### [TASK TO COMPLETE]
The listing below holds pictures; exclude them. Return exactly the lines from the one with "summer pockets, character" through the one with "腰から広がるストレートシルエ".

### [RECORD SET]
....................
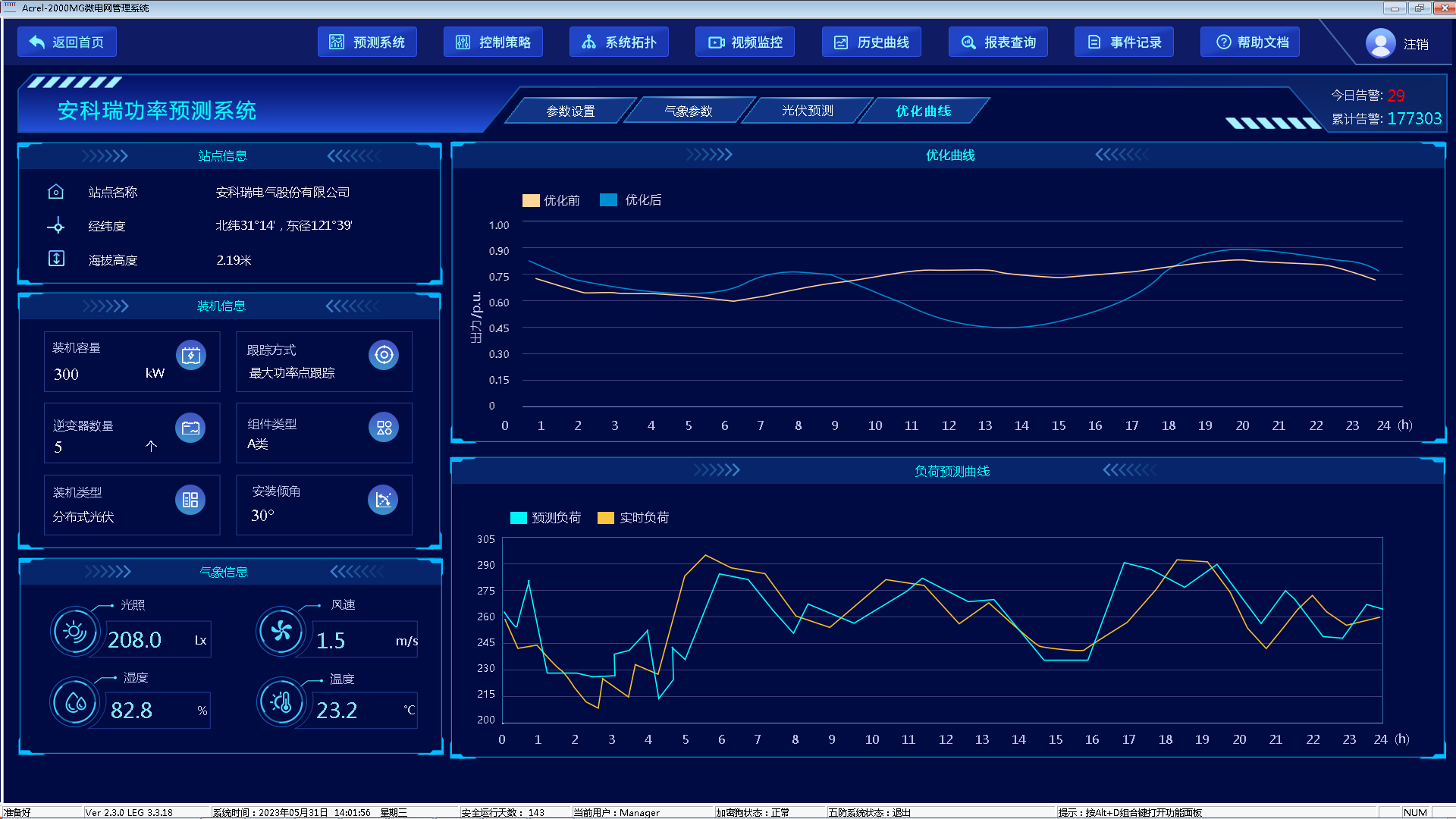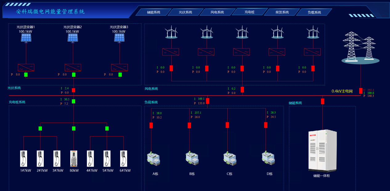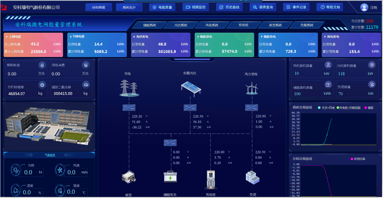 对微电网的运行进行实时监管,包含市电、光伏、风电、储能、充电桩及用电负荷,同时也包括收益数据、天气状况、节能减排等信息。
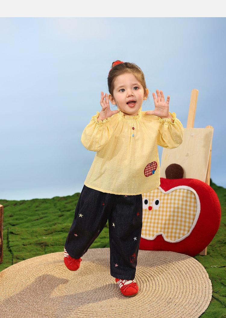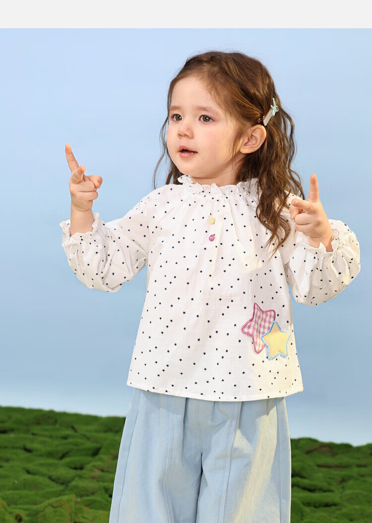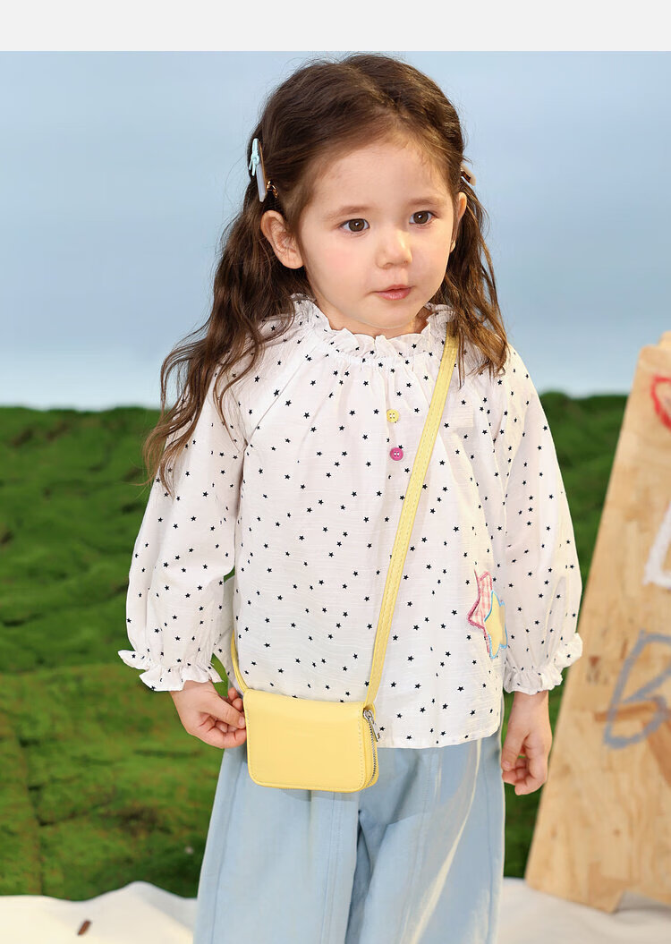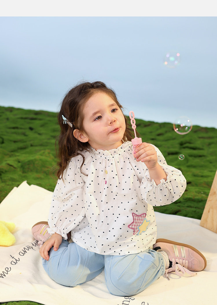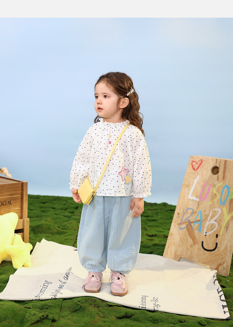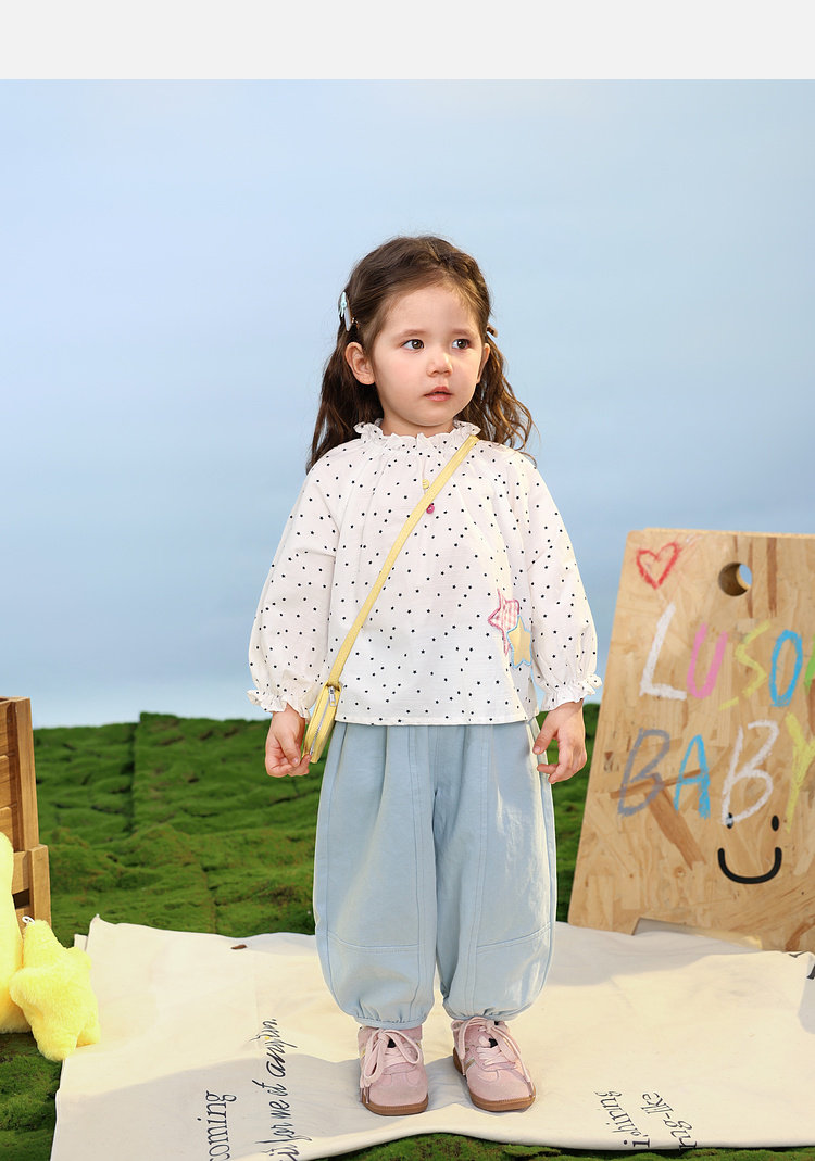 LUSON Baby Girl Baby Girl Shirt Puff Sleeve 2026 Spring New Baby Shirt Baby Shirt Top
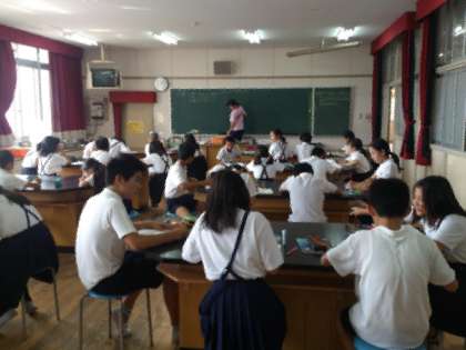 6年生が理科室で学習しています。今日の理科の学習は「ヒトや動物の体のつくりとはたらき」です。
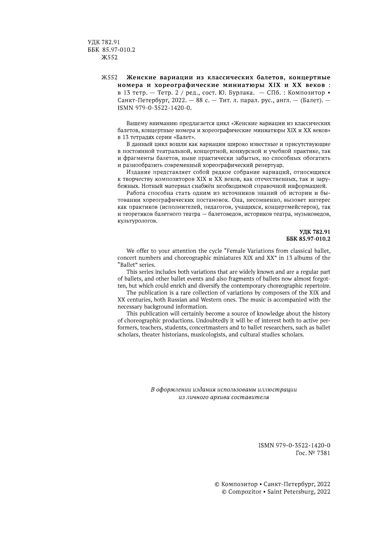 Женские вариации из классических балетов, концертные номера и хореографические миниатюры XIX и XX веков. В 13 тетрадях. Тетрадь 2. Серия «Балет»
....................
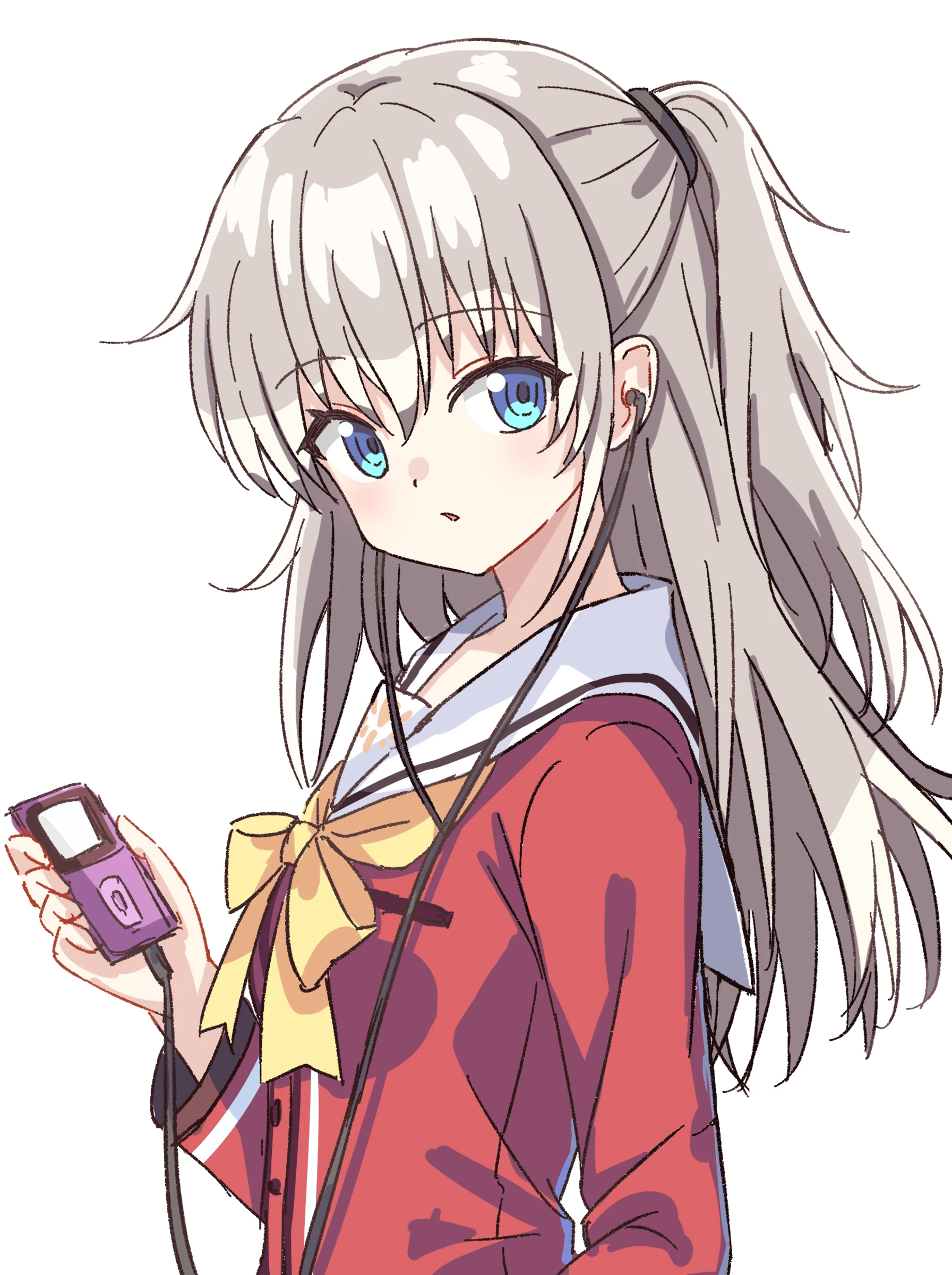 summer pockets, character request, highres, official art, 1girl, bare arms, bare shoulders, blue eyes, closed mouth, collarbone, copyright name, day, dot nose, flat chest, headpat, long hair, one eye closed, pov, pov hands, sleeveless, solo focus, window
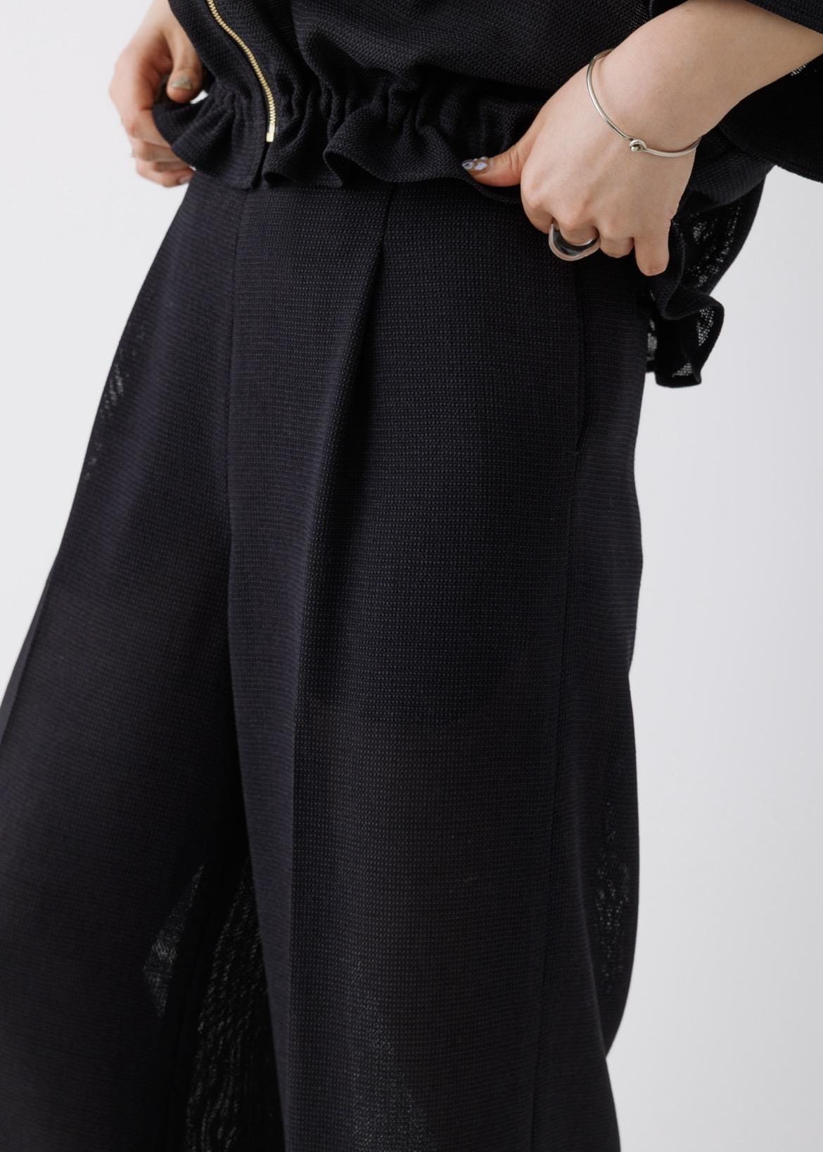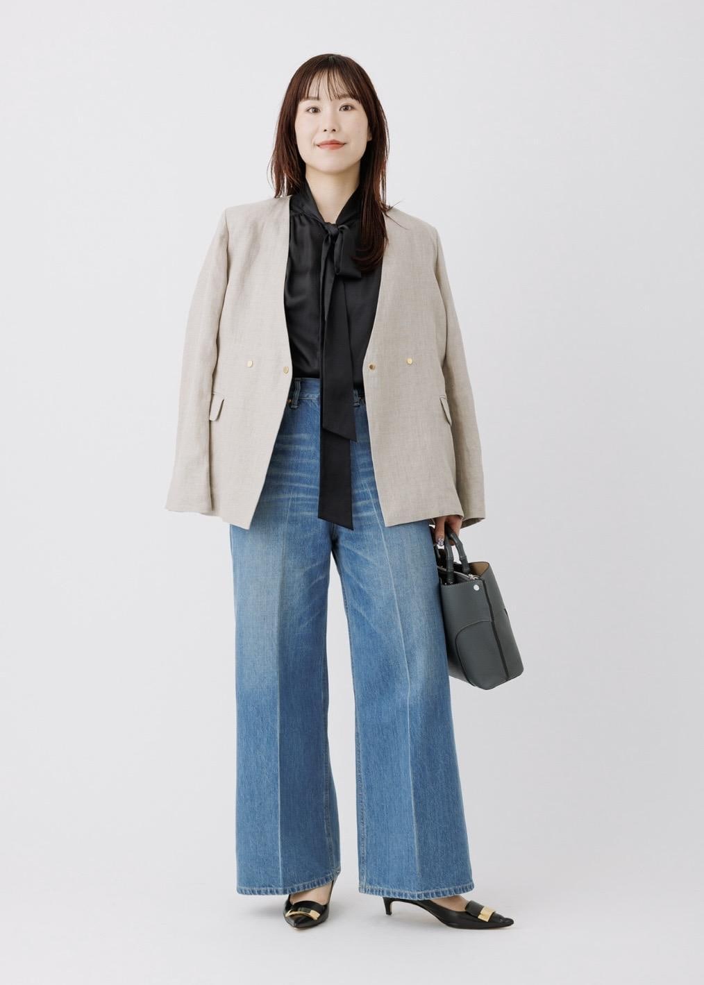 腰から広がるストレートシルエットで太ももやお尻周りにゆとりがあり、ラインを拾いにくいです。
....................
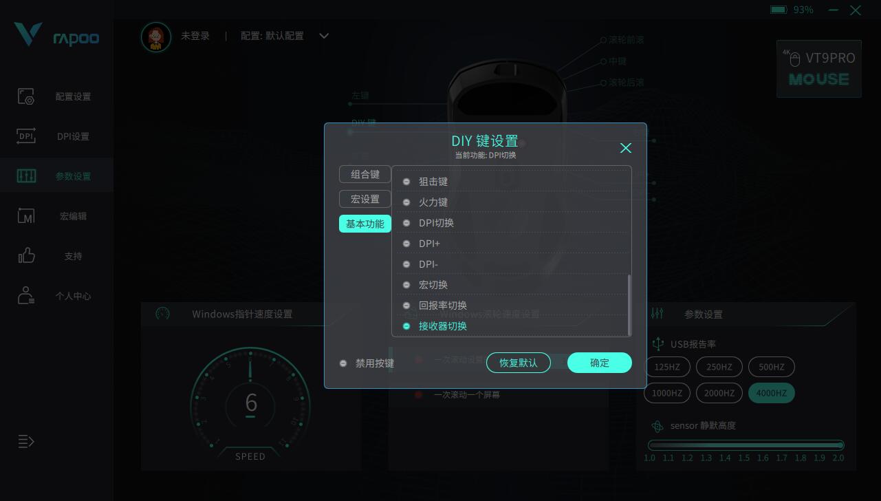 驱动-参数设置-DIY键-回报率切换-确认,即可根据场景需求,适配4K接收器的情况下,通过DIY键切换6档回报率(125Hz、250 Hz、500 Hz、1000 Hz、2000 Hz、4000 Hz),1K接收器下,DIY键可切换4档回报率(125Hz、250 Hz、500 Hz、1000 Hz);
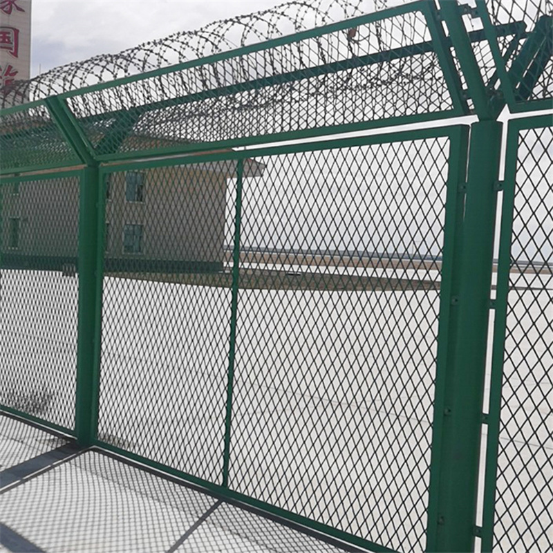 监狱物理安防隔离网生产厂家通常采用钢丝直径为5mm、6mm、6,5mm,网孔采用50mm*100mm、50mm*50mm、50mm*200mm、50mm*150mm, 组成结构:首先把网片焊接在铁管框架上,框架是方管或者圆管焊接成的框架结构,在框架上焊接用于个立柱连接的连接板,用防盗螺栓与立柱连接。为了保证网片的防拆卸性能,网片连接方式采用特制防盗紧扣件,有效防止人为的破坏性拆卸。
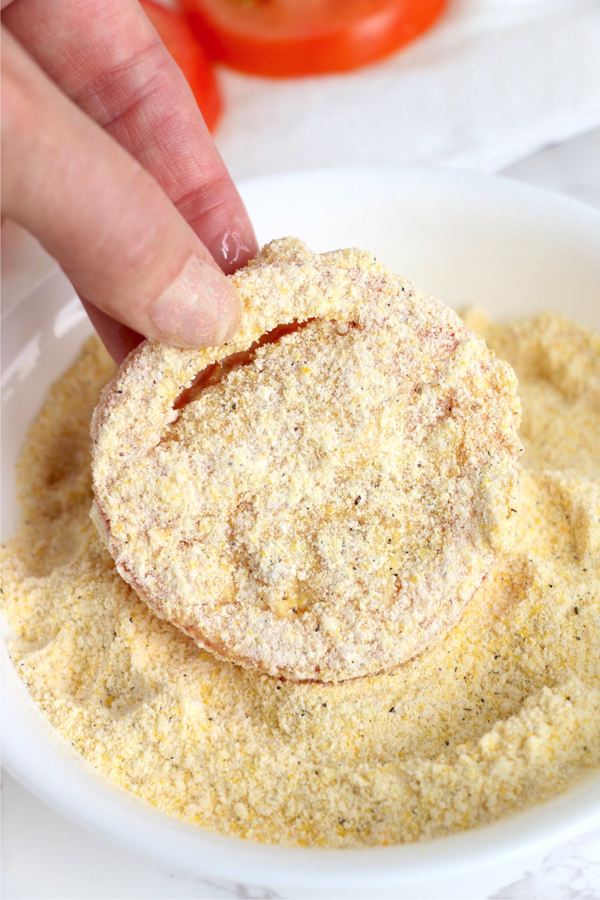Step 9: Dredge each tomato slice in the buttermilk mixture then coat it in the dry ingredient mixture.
....................
### [RESULT]
 summer pockets, character request, highres, official art, 1girl, bare arms, bare shoulders, blue eyes, closed mouth, collarbone, copyright name, day, dot nose, flat chest, headpat, long hair, one eye closed, pov, pov hands, sleeveless, solo focus, window
 腰から広がるストレートシルエットで太ももやお尻周りにゆとりがあり、ラインを拾いにくいです。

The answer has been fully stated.